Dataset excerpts
== Segment start ==

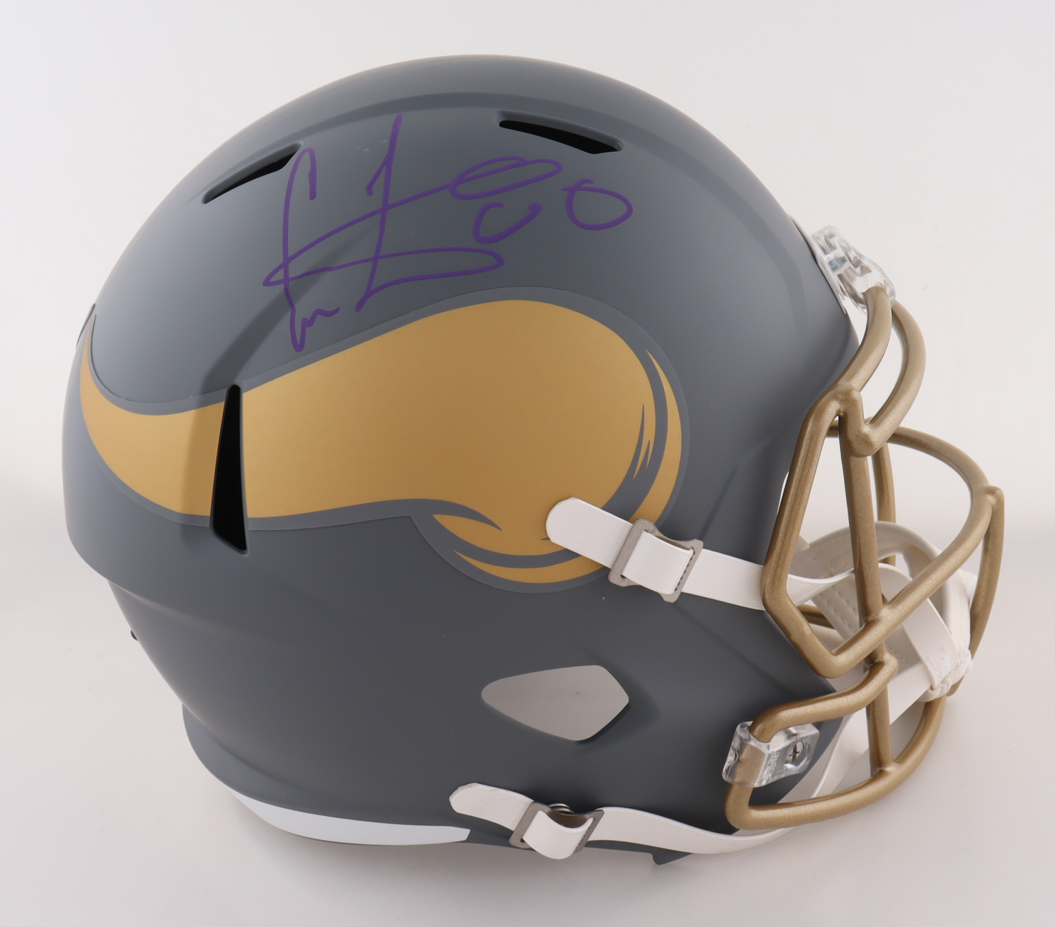 Riddell Minnesota Vikings Full-Size Slate Alternate Speed Replica Helmet. Hand-signed by Cris Carter (HOF).
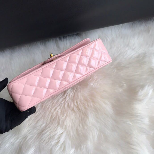 Chanel-classic-double-flap-bag-25cm-gold-hardware-patent-lambskin-leather-spring-summer-act-2-2018-collection-pink
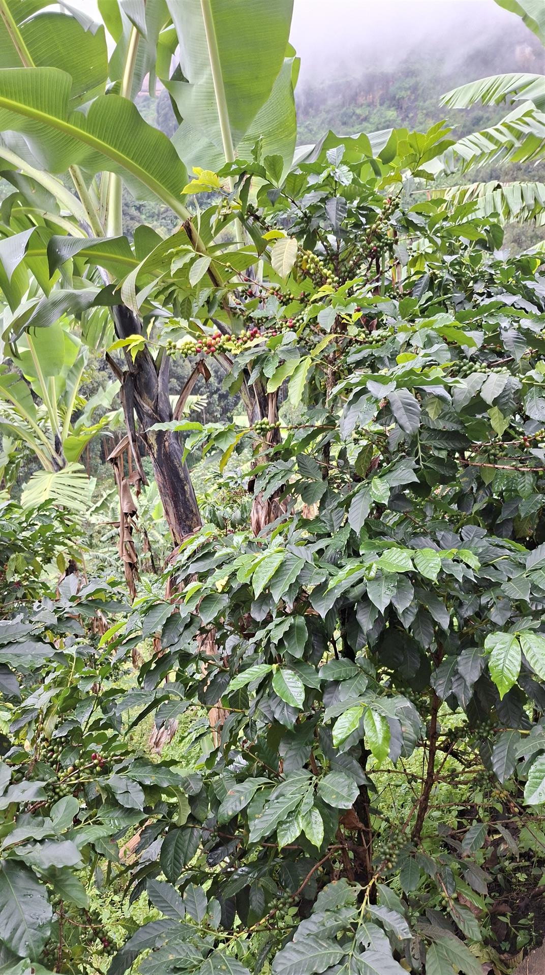 One thing I’d noticed was that coffee plants and banana plants tended to be placed alongside each other. Francis explained that the banana plants absorb and store a lot of water which thay then supply to the coffee plants in the dry season. A nicely symbiotic relationship.
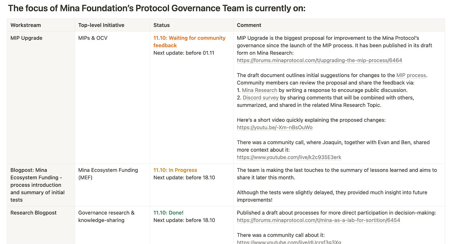 MIP Upgrade: Community feedback is being gathered on proposed improvements to the governance process. You can find the draft proposal and more details on Mina Research.
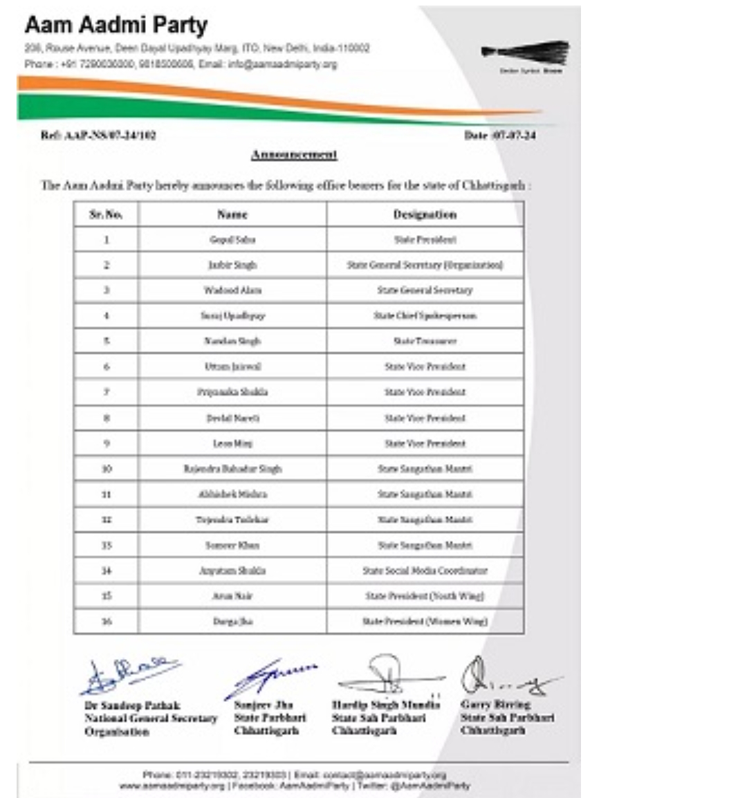 आम आदमी पार्टी ने गोपाल साहू को प्रदेश अध्यक्ष के अलावा जसबीर सिंह को प्रदेश महासचिव (संगठन), वदूद खान को प्रदेश महासचिव, नंदन सिंह को प्रदेश कोषाध्यक्ष और सूरज उपाध्याय को प्रदेश का मुख्य प्रवक्ता नियुक्त किया गया है. विधानसभा चुनाव में करारी हार के बाद से आम आदमी पार्टी में इस्तीफों का दौर शुरू हो गया था, जिसमें आप के खराब प्रदर्शन की जिम्मेदारी लेते हुए प्रदेश अध्यक्ष कोमल हुपेंडी ने इस्तीफा देने के चंद महीने बाद भाजपा का दामन थाम लिया था. शीर्ष नेतृत्व के इस्तीफे के बाद पर आप ने पार्टी का प्रदेश में नए सिरे से गठन किया है l
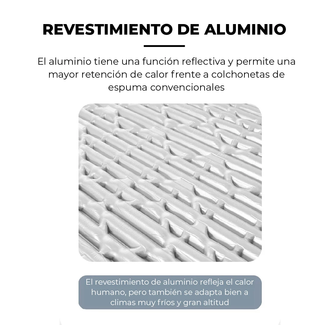 La colchoneta de espuma plegable aluminizada X-Large de Naturehike está hecha de espuma IXPE y una película de aluminio. Esta colchoneta aislará el frio y la humedad del suelo. Su diseño acanalado con ranuras permitirá retener el aire caliente y la lámina de aluminio reflejará el calor del cuerpo. Además, tiene un mayor espacio para darte libertad de movimiento y gran confort.
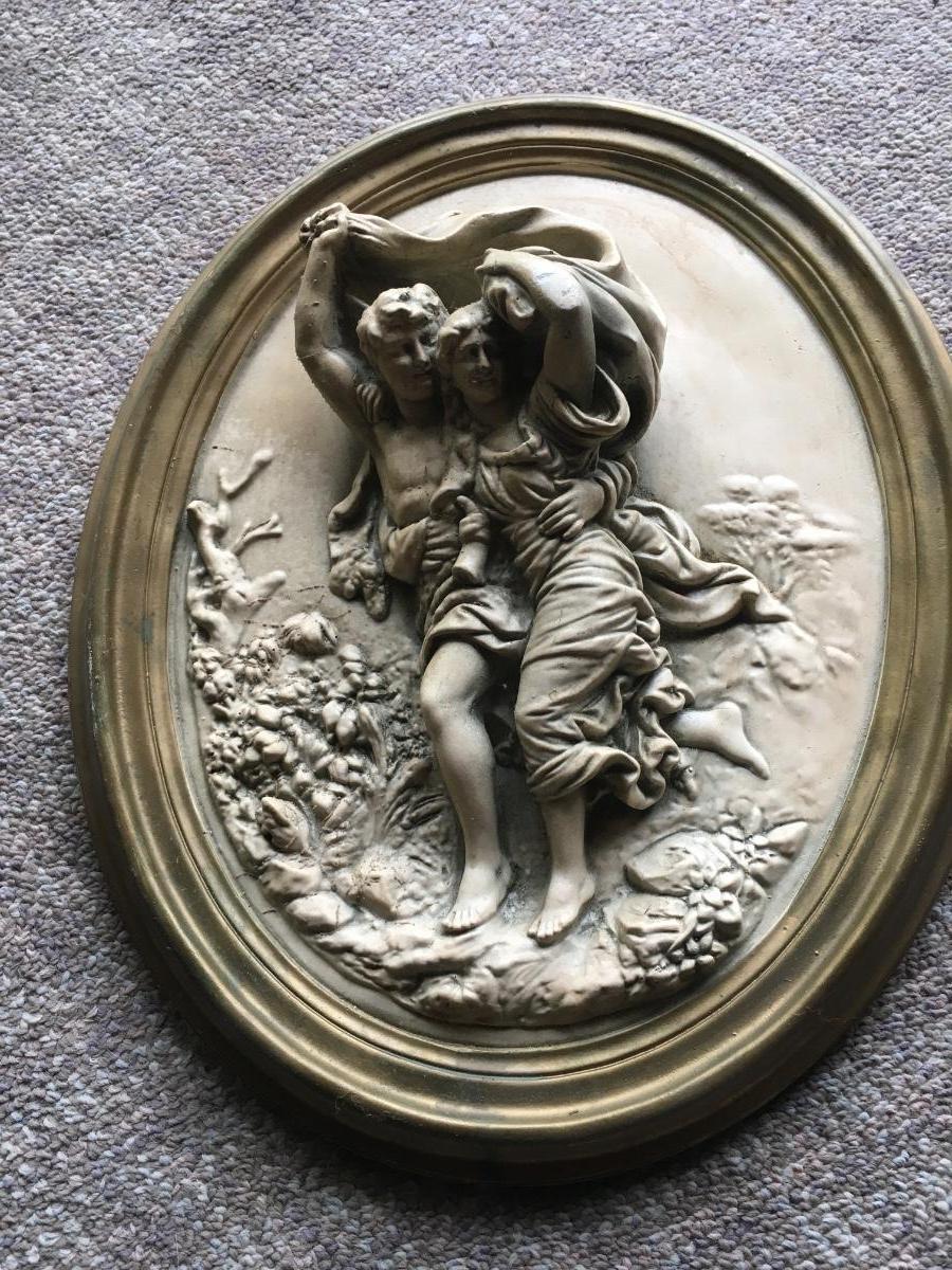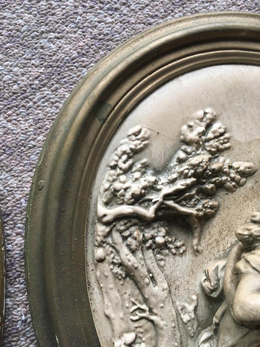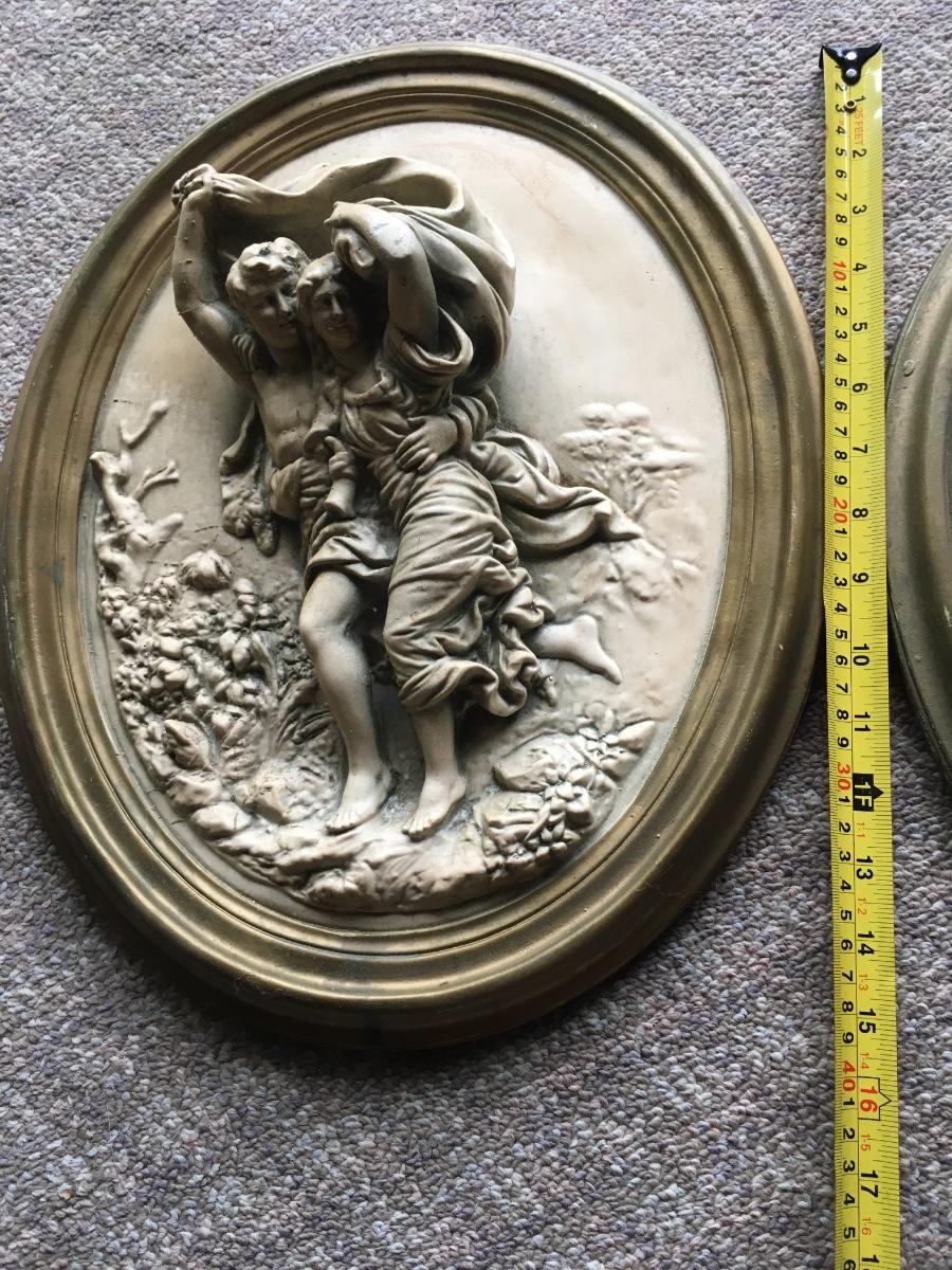 Pair of vintage chalkware wall plaques with distintive scenes. Some slight damageon one a shown in photo.

== Segment end ==

_Work item_:
Your copy of the entries must be exact and must contain no pictures.

_Task result_:
 Riddell Minnesota Vikings Full-Size Slate Alternate Speed Replica Helmet. Hand-signed by Cris Carter (HOF).
 Chanel-classic-double-flap-bag-25cm-gold-hardware-patent-lambskin-leather-spring-summer-act-2-2018-collection-pink
 One thing I’d noticed was that coffee plants and banana plants tended to be placed alongside each other. Francis explained that the banana plants absorb and store a lot of water which thay then supply to the coffee plants in the dry season. A nicely symbiotic relationship.
 MIP Upgrade: Community feedback is being gathered on proposed improvements to the governance process. You can find the draft proposal and more details on Mina Research.
 आम आदमी पार्टी ने गोपाल साहू को प्रदेश अध्यक्ष के अलावा जसबीर सिंह को प्रदेश महासचिव (संगठन), वदूद खान को प्रदेश महासचिव, नंदन सिंह को प्रदेश कोषाध्यक्ष और सूरज उपाध्याय को प्रदेश का मुख्य प्रवक्ता नियुक्त किया गया है. विधानसभा चुनाव में करारी हार के बाद से आम आदमी पार्टी में इस्तीफों का दौर शुरू हो गया था, जिसमें आप के खराब प्रदर्शन की जिम्मेदारी लेते हुए प्रदेश अध्यक्ष कोमल हुपेंडी ने इस्तीफा देने के चंद महीने बाद भाजपा का दामन थाम लिया था. शीर्ष नेतृत्व के इस्तीफे के बाद पर आप ने पार्टी का प्रदेश में नए सिरे से गठन किया है l
 La colchoneta de espuma plegable aluminizada X-Large de Naturehike está hecha de espuma IXPE y una película de aluminio. Esta colchoneta aislará el frio y la humedad del suelo. Su diseño acanalado con ranuras permitirá retener el aire caliente y la lámina de aluminio reflejará el calor del cuerpo. Además, tiene un mayor espacio para darte libertad de movimiento y gran confort.
 Pair of vintage chalkware wall plaques with distintive scenes. Some slight damageon one a shown in photo.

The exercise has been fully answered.